This post concerns a decision issued by a Supreme Court Justice in a complex corporate dissolution proceeding. It highlights the importance of familiarity with estate practice, even if you never plan to step foot into a Surrogate’s Court.
In Matter of Pappas v Corifan Enterprises Ltd., NYLJ 2/19/09 (Sup. Ct. Kings County 2009), the issue was whether the Petitioner — the surviving spouse of the decedent — had standing to petition for dissolution of two closely held corporations. Respondent argued that the decedent — and, thus, the Petitioner — lacked the requisite 20 percent ownership interest in the corporations. He argued that he was the sole owner of the corporations. After a hearing limited to the issue of standing, at which the court heard 14 witnesses testify over eight days and admitted 48 documents into evidence, the court determined that the Petitioner met her burden of demonstrating an ownership interest in one corporation, but not the other.

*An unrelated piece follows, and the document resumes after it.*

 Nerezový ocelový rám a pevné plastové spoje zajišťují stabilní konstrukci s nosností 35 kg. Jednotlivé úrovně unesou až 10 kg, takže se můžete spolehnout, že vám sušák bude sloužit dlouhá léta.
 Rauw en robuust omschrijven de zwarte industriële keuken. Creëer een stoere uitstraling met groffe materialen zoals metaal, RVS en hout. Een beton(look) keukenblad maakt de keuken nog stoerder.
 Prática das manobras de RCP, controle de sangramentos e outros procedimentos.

The substantive legal aspects of the decision are beyond the scope of this post (although an article published by my colleague, Peter Mahler, on his New York Business Divorce blog, contains an excellent discussion of the same). What should be of interest to the trust and estate litigator is the evidence the court analyzed in reaching its determination.

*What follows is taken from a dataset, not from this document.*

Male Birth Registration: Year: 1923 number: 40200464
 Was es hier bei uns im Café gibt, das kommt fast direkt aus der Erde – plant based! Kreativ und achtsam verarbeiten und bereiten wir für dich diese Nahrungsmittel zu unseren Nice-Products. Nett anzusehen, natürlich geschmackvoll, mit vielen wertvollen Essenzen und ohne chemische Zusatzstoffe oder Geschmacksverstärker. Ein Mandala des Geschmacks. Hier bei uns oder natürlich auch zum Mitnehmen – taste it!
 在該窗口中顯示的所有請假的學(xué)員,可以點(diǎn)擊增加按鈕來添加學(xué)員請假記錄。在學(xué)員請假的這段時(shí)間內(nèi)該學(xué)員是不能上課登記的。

First, the court started by addressing the evidentiary value of admissions made by the fiduciary of an estate:
Where, as here, one of the principals is deceased, “the admissions or declarations of administrators and executors may be evidence – where they are made while engaged in the performance of a duty pertaining to the estate in a representative capacity, in which the declaration is pertinent and accompanies the act so as to constitute a part of the res gestae.” Estate tax returns and certifications can, therefore, constitute admissions of the deceased. The probative value of the statement is to be assessed in the light of the personal knowledge of the representative, and, in any event, the statement is not conclusive, but constitutes “some evidence” (citations omitted).
Indeed, the court considered evidence of the Petitioner’s knowledge of her husband’s business interests. Curiously, the court made no mention in the decision of New York’s “Dead Man’s Statute” (CPLR 4519), which makes testimony by an interested witness “concerning a personal transaction or communication between the witness and [a] deceased person or mentally ill person” excludable “[u]pon the trial of an action or the hearing upon the merits of a special proceeding[.]” The surviving spouse is certainly an “interested witness”, notwithstanding that she is the fiduciary of the estate. Perhaps the court did not consider the “standing” hearing to be a trial or hearing “on the merits” of the proceeding. Or perhaps the court considered applicable the “fiduciary” exception to the rule (see John M. Greenfield, A Treatise of Testimony Under § 347, Civil Practice Act § 120 [1923] [“Where executors or administrators sue or are sued as representatives of the estate, and the adverse party is not a personal representative, the general rule is that the testimony of an executor or administrator in behalf of the estate is not considered to be in his own behalf or interest even though he has a personal interest in the estate as legatee or heir and to that extent might be said to be testifying in his own interest.]).
Second, the court considered documents prepared by the attorney who assisted the decedent with his estate planning. Specifically, the court considered an “Asset Questionnaire” that the attorney prepared using information provided by the decedent. The questionnaire was prepared approximately four months before the decedent’s death. The page in the questionnaire headed “Stocks” and the page headed “Interest in Corporation, Partnership and Limited Partnership” were both blank. The attorney testified that the decedent mentioned no businesses or properties in which he had an interest. But the attorney also testified that:
[T]here came a time when I started the information for the assets questionnaire and . . . I mentioned something about the fact that I understood that he was an employee of Mr. Fotinos. . . He stopped me immediately and said no, no not employee. Business partner. Business associates. Not employee.
Since the attorney was never asked, and did not explain, the apparent inconsistency between the decedent’s statement and the absence of information in the questionnaire, the court determined that the questionnaire was ambiguous at best.
The court also considered the probate petition and estate tax certification signed by the executor of the decedent’s estate. The petition, prepared by the same attorney discussed above, showed the value of personal property as zero, and the tax certification showed the value of stocks and bonds as zero. Those values, according to the court, were evidence as to the executor’s understanding of the decedent’s business interests. The court determined, however, that the probative value of the evidence was undermined by the ambiguous Asset Questionnaire in preparing the petition and tax certification.
In the end, the court determined that the decedent had an ownership interest in one corporation, but not the other. Again, how and why the court reached that determination — which seems a lot like King Solomon’s threat to “split the baby” — is not the focus of this article (again, Mr. Mahler’s article provides a detailed analysis of the merits of the case). But the fact that the court considered the estate planning documents significant should not be overlooked. Would a commercial litigator necessarily think to subpoena a decedent’s estate planning file in attempting to gather evidence of the decedent’s stock ownership? Probably not. But this case stands as an example of how “non-corporate” documents — estate documents in particular — can be useful in a corporate dispute.